その言葉を理解できず、不安そうな表情を浮かべる青年の顔を、エマが両手でふわりと包み込んだ。


「話を戻しましょう。私に抱かれたいですか? それともこの空間から抜け出したいですか?」

「!?」

エマの言葉を聞いて青年は自分が囚われの身であることを知った。
同時にこの世界が夢などというおぼろげなものではなく、今自分に起こっている現実だということも。

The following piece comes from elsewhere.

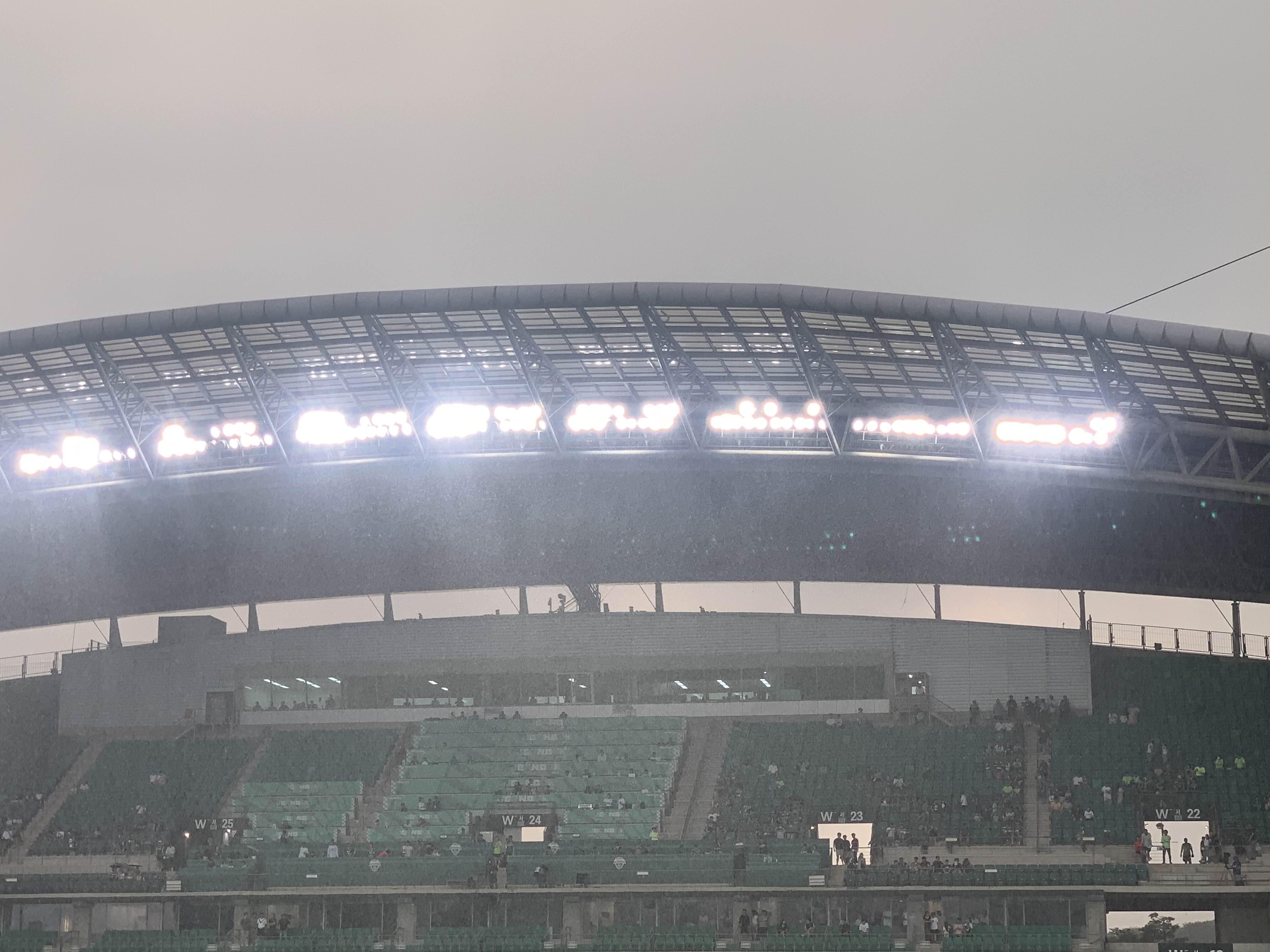 전반전이 시작하였는데.... 엄청난 양의 비가 내리더군요. 바람도 많이 불고..... 전반전 경기는 수중전이 되어 버렸습니다. 올해 구입한 시즌권 자리는.... 1층 지붕이 있는 자리라... 비를 직접적으로 내리는 자리가 아니어서 좋더군요.ㅎㅎ

「ぼ、僕を……解放してくれ! なんでもするから!!」

「クスッ、そんなにここから出たいのですか? そうですか……なんでもすると言いましたね」

青年の目の前でエマは上品に笑い続けた。
目の前の獲物が怯えれば怯えるほど、彼女にとっては美味しい展開となることを青年は知らない。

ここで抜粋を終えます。